> _WHAT IS NEEDED_:
Every line of the material is to be quoted verbatim, minus the pictures.

_ _ _ _ _

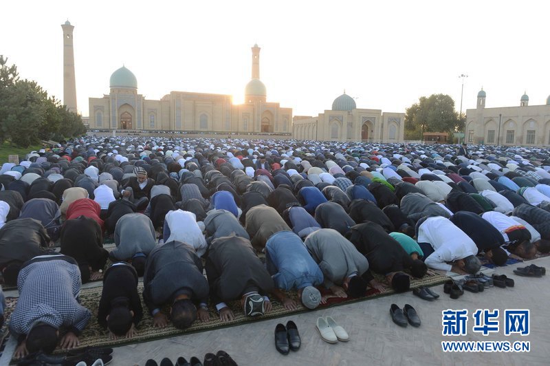 ?。乖拢玻慈?,在烏茲別克斯坦首都塔什干哈斯特·伊瑪姆建筑群清真寺廣場(chǎng),人們參加古爾邦節(jié)禮拜。當(dāng)天,烏茲別克斯坦各地慶祝伊斯蘭教傳統(tǒng)節(jié)日古爾邦節(jié)?!肮艩柊罟?jié)”亦稱“宰牲節(jié)”,是伊斯蘭教三大節(jié)日之一。 新華社記者沙達(dá)提 攝
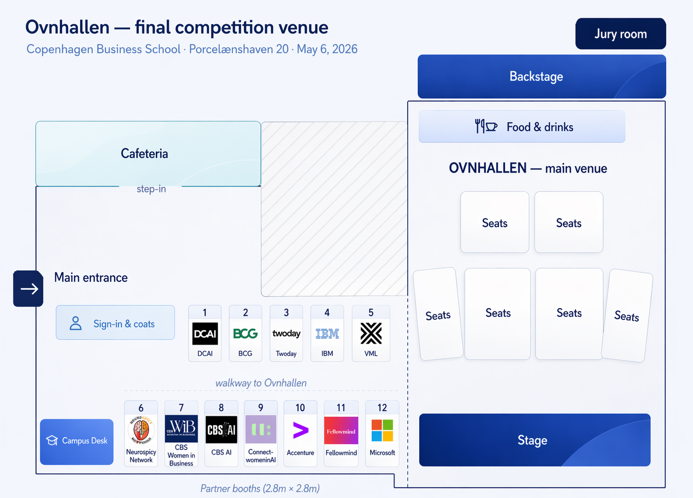 The final event of CBS AI Academy 2026. CBS students present the AI solutions they built across four applied workshops — through live pitches and demos evaluated by an industry jury. Plus keynotes, a panel, and 10+ industry partners on the expo floor.
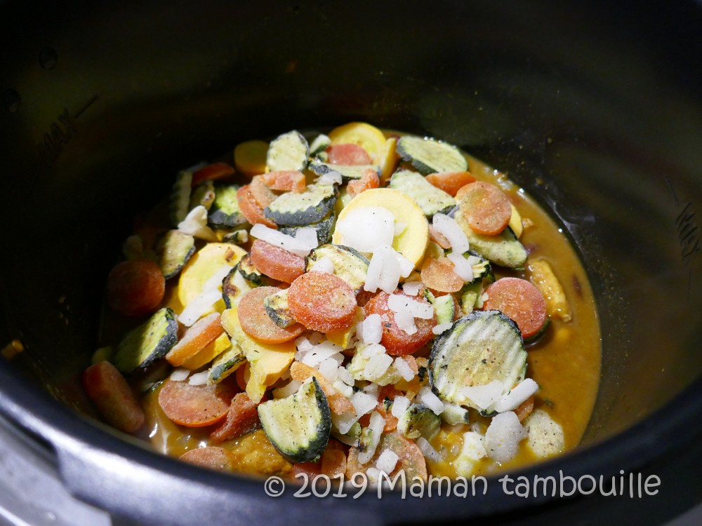 - 400g de légumes surgelés émincés (tomate, courgette …)
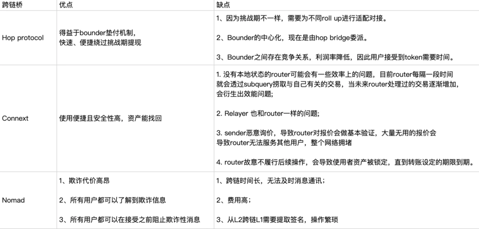 Connext 的优势在于实现了跨链和和 L2 Trustless 发送价值和调用合约,但缺点是不允许完全通用的通信,但它的延迟确实要低很多。依赖于 Nomad 高安全性,吸收 Nomad 的信任/风险。
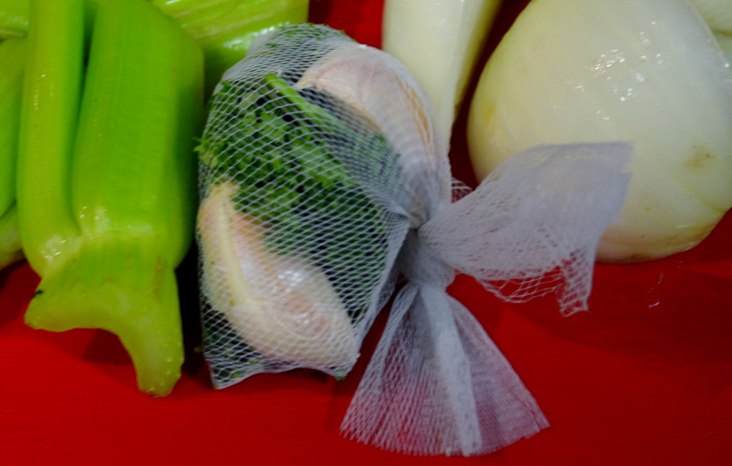 1. Se necesitan una hoja de laurel, 8 ramas pequeñas de perejil, 1 cucharadita de tomillo seco (o 2 ramitas de tomillo fresco), 4 clavos (se pueden omitir) y 3 dientes de ajo, aplastados con el lado del cuchillo y con las pieles. Todo esto se ata en una malla.calpoll6

_ _ _ _ _

> _RESPONSE AREA_:
 ?。乖拢玻慈?,在烏茲別克斯坦首都塔什干哈斯特·伊瑪姆建筑群清真寺廣場(chǎng),人們參加古爾邦節(jié)禮拜。當(dāng)天,烏茲別克斯坦各地慶祝伊斯蘭教傳統(tǒng)節(jié)日古爾邦節(jié)?!肮艩柊罟?jié)”亦稱“宰牲節(jié)”,是伊斯蘭教三大節(jié)日之一。 新華社記者沙達(dá)提 攝
 The final event of CBS AI Academy 2026. CBS students present the AI solutions they built across four applied workshops — through live pitches and demos evaluated by an industry jury. Plus keynotes, a panel, and 10+ industry partners on the expo floor.
 - 400g de légumes surgelés émincés (tomate, courgette …)
 Connext 的优势在于实现了跨链和和 L2 Trustless 发送价值和调用合约,但缺点是不允许完全通用的通信,但它的延迟确实要低很多。依赖于 Nomad 高安全性,吸收 Nomad 的信任/风险。
 1. Se necesitan una hoja de laurel, 8 ramas pequeñas de perejil, 1 cucharadita de tomillo seco (o 2 ramitas de tomillo fresco), 4 clavos (se pueden omitir) y 3 dientes de ajo, aplastados con el lado del cuchillo y con las pieles. Todo esto se ata en una malla.calpoll6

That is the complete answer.